PROBLEM STATEMENT:
Each line below should be retyped exactly, with no pictures.

DATASET EXTRACT:

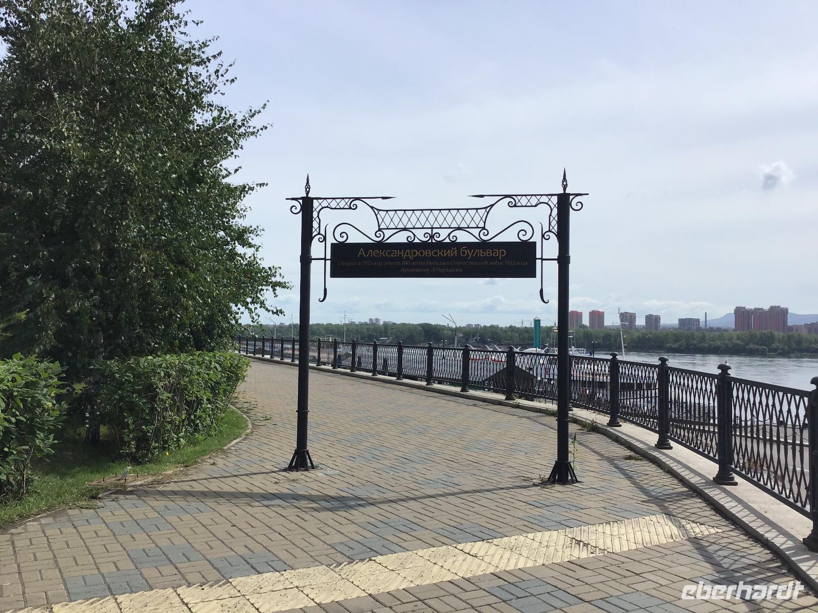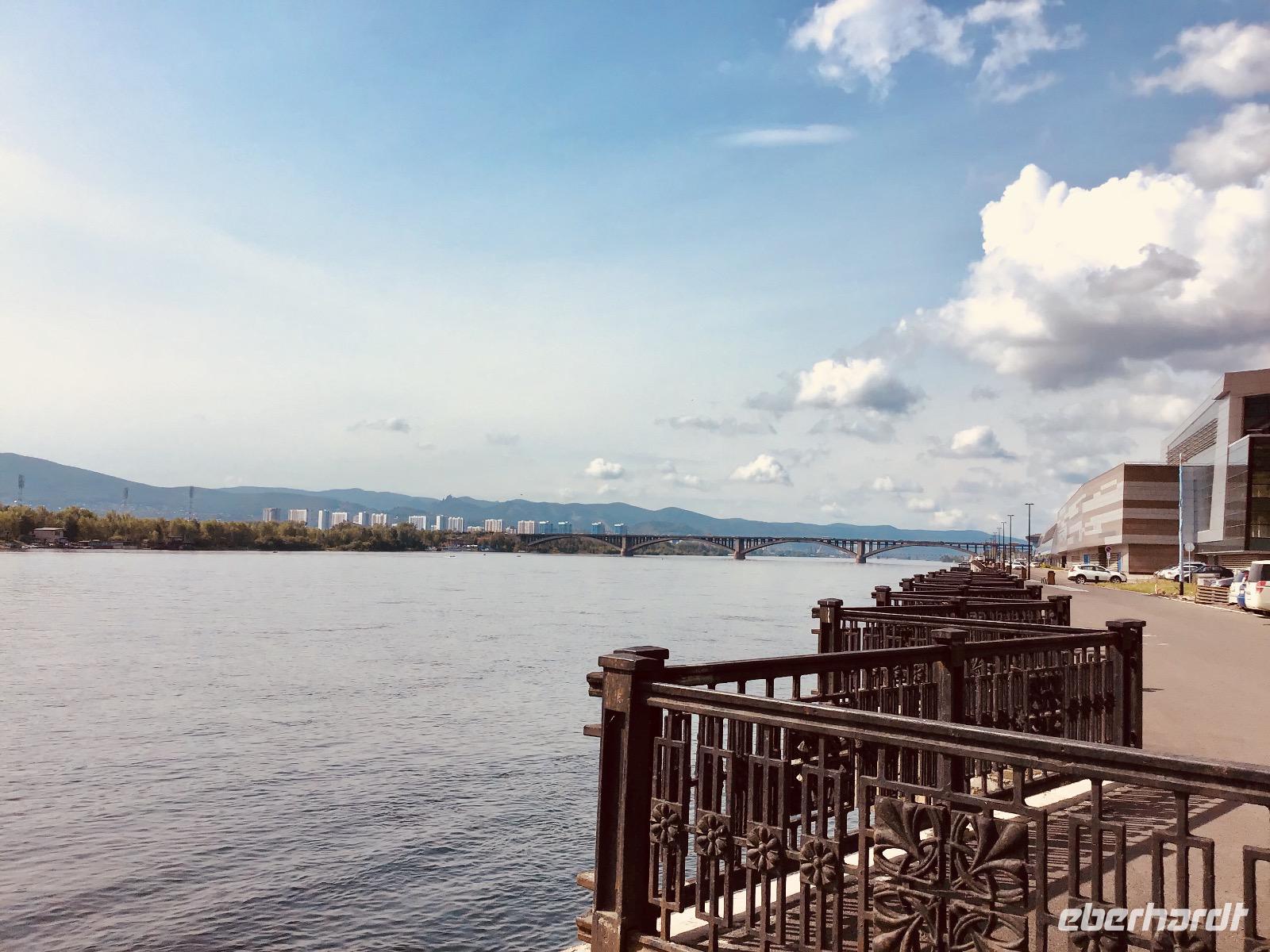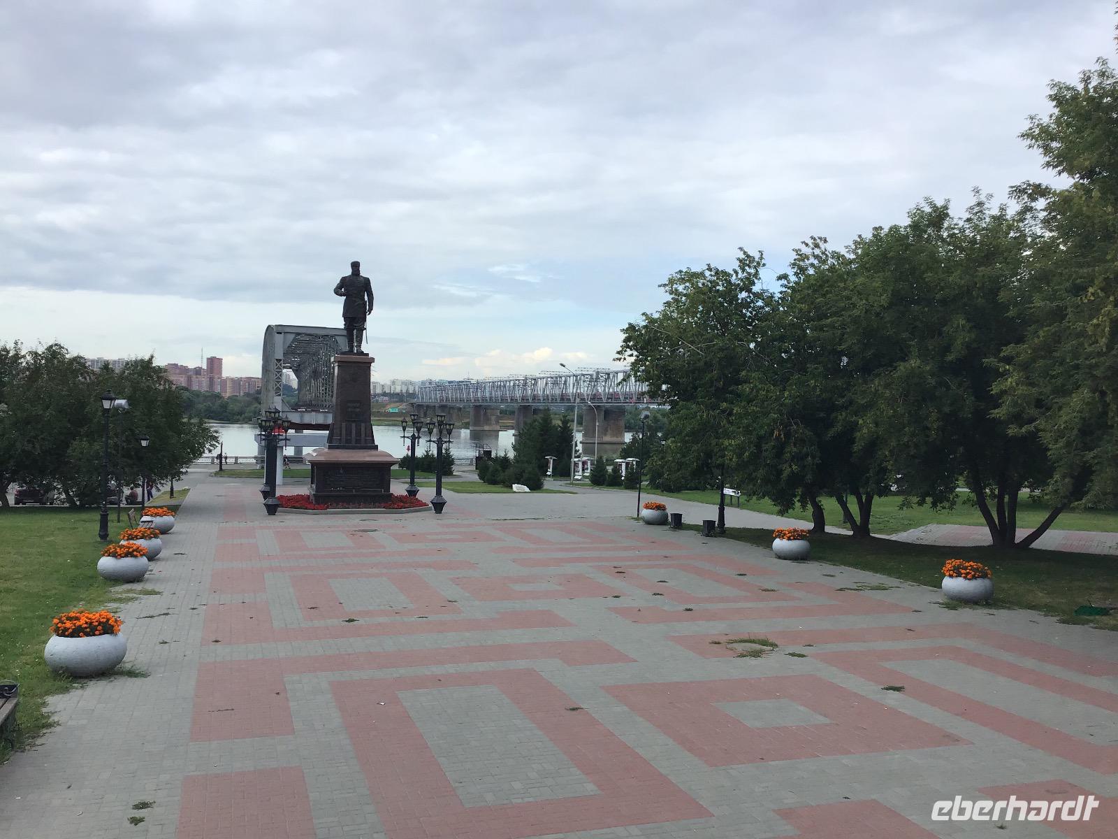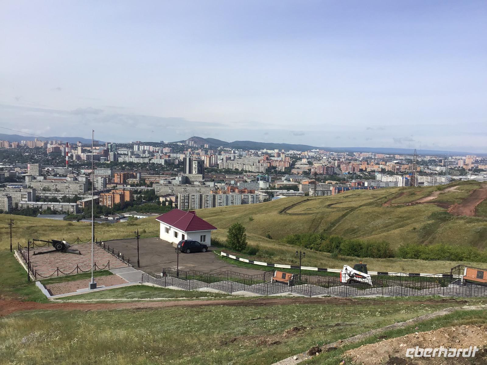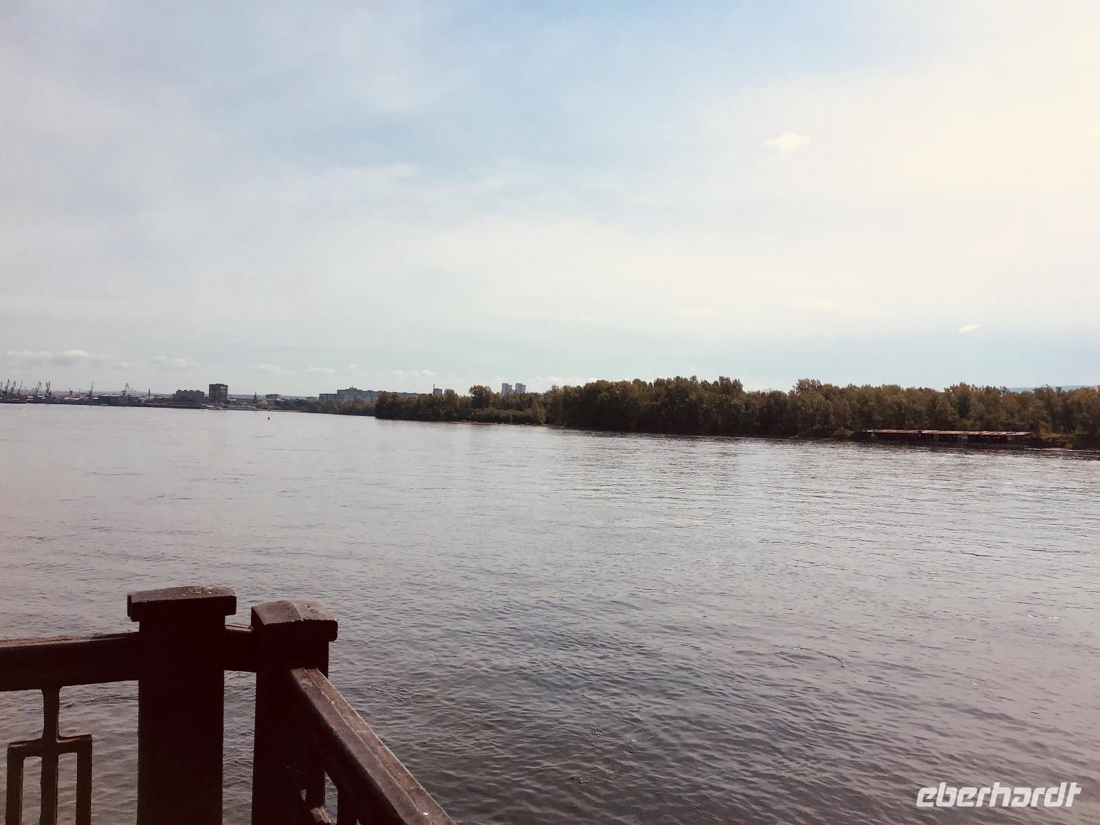 Am Vormittag fahren wir mit Tatjana auf einen Hügel, von dem wir einen schönen Blick auf die Stadt haben. Unterwegs sind viele Baustellen zu sehen, die Stadt bereitet sich auf ein Jubiläum vor. Am Dampfschiff St. Nikolai, mit dem Lenin in die Verbannung gefahren wurde, spazieren wir vorbei und genießen den Aufenthalt am Jenissej.
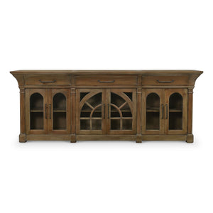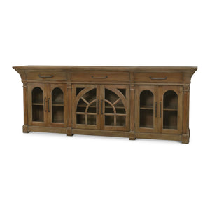 Constructed with solid mahogany and finished in our medium straw wash, it features intricate arch designs on the glass doors, exuding a sense of classic charm and sophistication. The crowned frieze houses three spacious drawers, sitting atop six glass-paned cupboard doors. The interior shelving offers ample storage, allowing for a stylish display of your favorite items while keeping them protected.
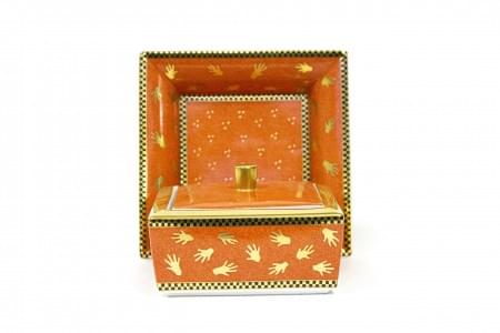 Porcelaine orange à décor de mains dorées, 18x18 et 14x14 cm

SOLUTION FOR THIS PROBLEM:
 Am Vormittag fahren wir mit Tatjana auf einen Hügel, von dem wir einen schönen Blick auf die Stadt haben. Unterwegs sind viele Baustellen zu sehen, die Stadt bereitet sich auf ein Jubiläum vor. Am Dampfschiff St. Nikolai, mit dem Lenin in die Verbannung gefahren wurde, spazieren wir vorbei und genießen den Aufenthalt am Jenissej.
 Constructed with solid mahogany and finished in our medium straw wash, it features intricate arch designs on the glass doors, exuding a sense of classic charm and sophistication. The crowned frieze houses three spacious drawers, sitting atop six glass-paned cupboard doors. The interior shelving offers ample storage, allowing for a stylish display of your favorite items while keeping them protected.
 Porcelaine orange à décor de mains dorées, 18x18 et 14x14 cm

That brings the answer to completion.